### Supplied data

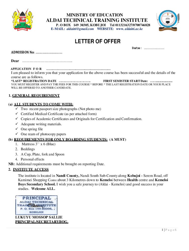 MINISTRY OF EDUCATIONAL DAI TECHNICAL TRAINING INSTITUTE P. O BOX 149 30305, KABUKI Tel 0113216327/0700746828 E MAIL: aldaitti@gmail.com WEBSITE: WWW. Andretti.ac.letter OF OFFER Date: ADMISSION No:
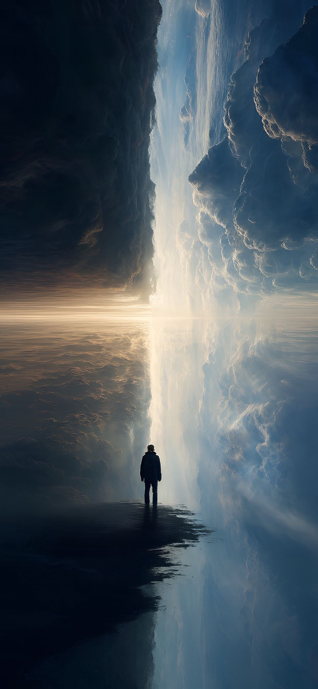 A lone figure stands at the edge of reality, facing a dramatic divide between dark, stormy clouds and bright, ethereal skies. This surreal landscape evokes a sense of wonder and contemplation.
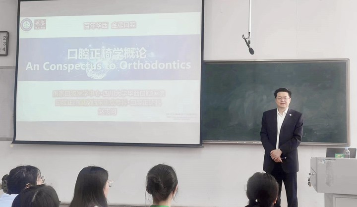 讲座中,赵志河教授首先以一例经典的临床病例导入,用深入浅出的语言讲述了口腔错颌畸形的成因、发生机制、临床表现及治疗原则。随后简述了正畸学的发展史以及我国正畸学前辈的突出贡献,并引用《论语》中的名言“工欲善其事,必先利其器”,总结了正畸材料和新技术的发展对正畸学科发展的重要作用。最后,他还与同学们分享了一张来自国际口腔医学博物馆的旧照,展示了老一辈口腔人在艰苦环境下对口腔学科孜孜不倦的奋斗和追求。他强调,学好口腔正畸学不仅要关注书本知识,更要放眼学科发展,为正畸学的未来添砖加瓦。

### To do
Output the line containing "A lone figure" and each line after it, through the end of the material, exactly as given. No pictures belong in the output.

### The completed task
 A lone figure stands at the edge of reality, facing a dramatic divide between dark, stormy clouds and bright, ethereal skies. This surreal landscape evokes a sense of wonder and contemplation.
 讲座中,赵志河教授首先以一例经典的临床病例导入,用深入浅出的语言讲述了口腔错颌畸形的成因、发生机制、临床表现及治疗原则。随后简述了正畸学的发展史以及我国正畸学前辈的突出贡献,并引用《论语》中的名言“工欲善其事,必先利其器”,总结了正畸材料和新技术的发展对正畸学科发展的重要作用。最后,他还与同学们分享了一张来自国际口腔医学博物馆的旧照,展示了老一辈口腔人在艰苦环境下对口腔学科孜孜不倦的奋斗和追求。他强调,学好口腔正畸学不仅要关注书本知识,更要放眼学科发展,为正畸学的未来添砖加瓦。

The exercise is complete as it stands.